[Source data]
== Segment start ==

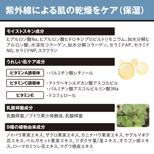 紫外線による乾燥からお肌を守る25種類の保湿成分配合
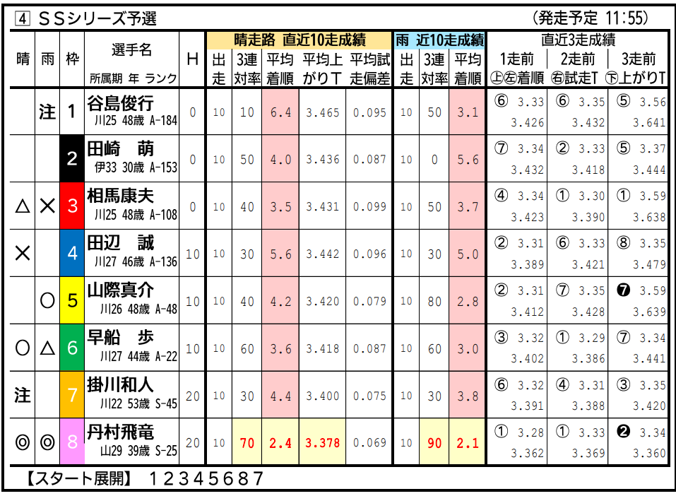 近況の動きなら丹村の追い上げが濃厚。相手探しに絞りたいが、2着争いは接戦。早船か相馬がその候補か。
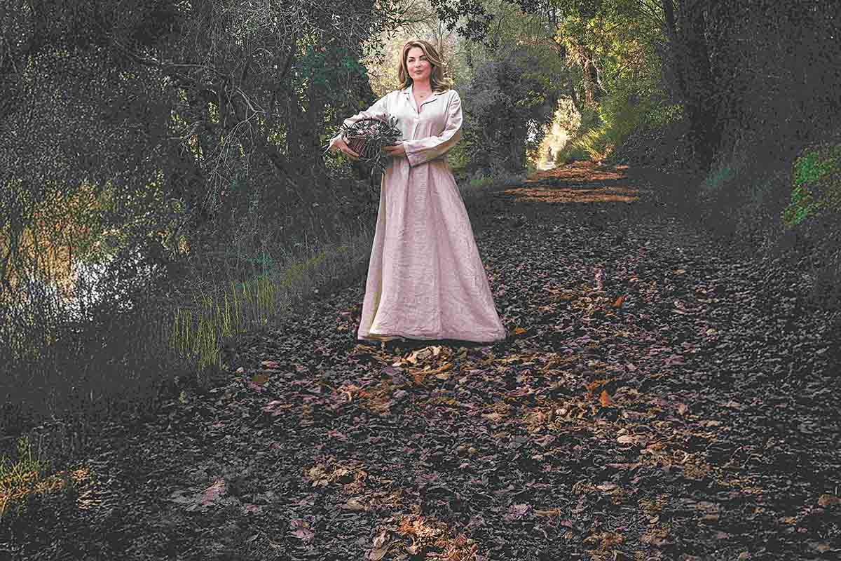 Η Αντζελα Γκερέκου περιτριγυρισμένη από ελιές
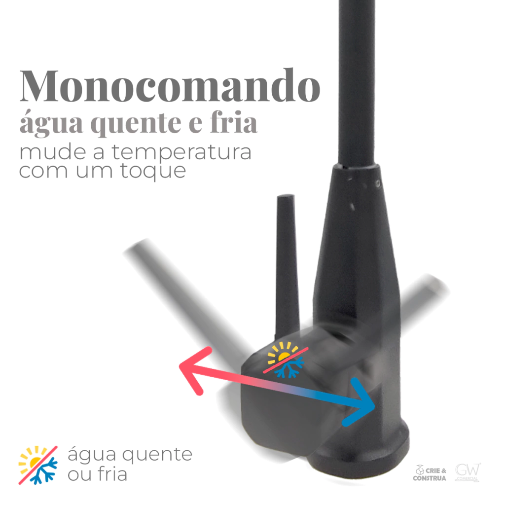 Controle de Temperatura: Se for uma torneira monocomando, você controla a temperatura da água quente e fria com apenas uma alavanca. Caso seja duplo comando, há duas alavancas para ajuste separado.
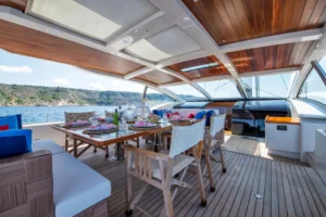 “Mes Amis” is the epitome of opulence and thrill, equipped with state-of-the-art amenities and a plethora of inviting social areas, making it the perfect vessel for a sun-drenched yacht charter escape.
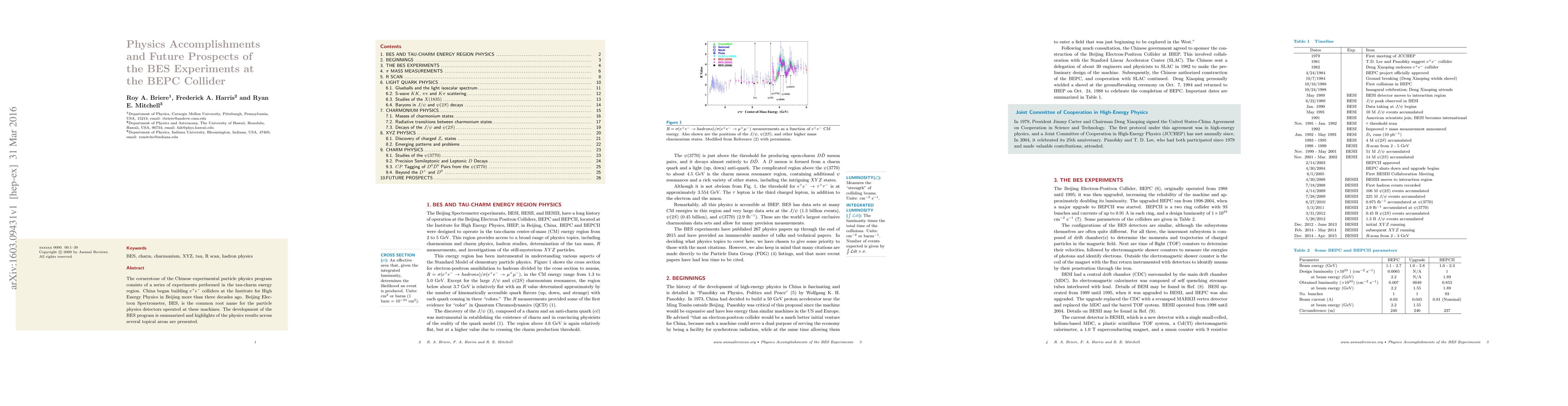 Summary: This paper reviews the achievements of the BES experiments at the BEPC collider, focusing on the Chinese experimental particle physics program in the tau-charm energy region, and outlines future prospects for these experiments.
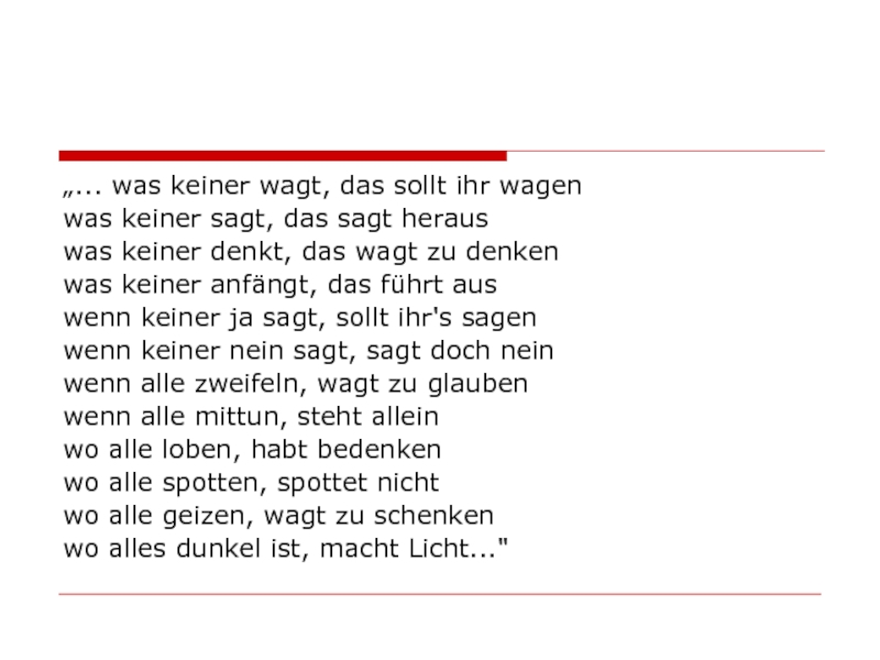 Слайд 39„... was keiner wagt, das sollt ihr wagen
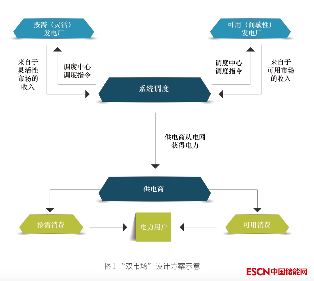 從2017年起,包括英國牛津能源研究所、國際能源署和希臘政府在內(nèi)的組織機(jī)構(gòu)與國家開始討論新能源大規(guī)模接入條件下的“雙市場”設(shè)計(jì)方案,如圖1所示。其出發(fā)點(diǎn)是當(dāng)前的純能量電力市場已經(jīng)難以正常運(yùn)轉(zhuǎn)。

== Segment end ==

* [TASK INSTRUCTIONS]:
Your answer must be the exact lines from the records above, from the one containing "Η Αντζελα Γκερέκου" through the one containing "Controle de Temperatura: Se", both included, with every picture left out.

* [SOLUTION]:
 Η Αντζελα Γκερέκου περιτριγυρισμένη από ελιές
 Controle de Temperatura: Se for uma torneira monocomando, você controla a temperatura da água quente e fria com apenas uma alavanca. Caso seja duplo comando, há duas alavancas para ajuste separado.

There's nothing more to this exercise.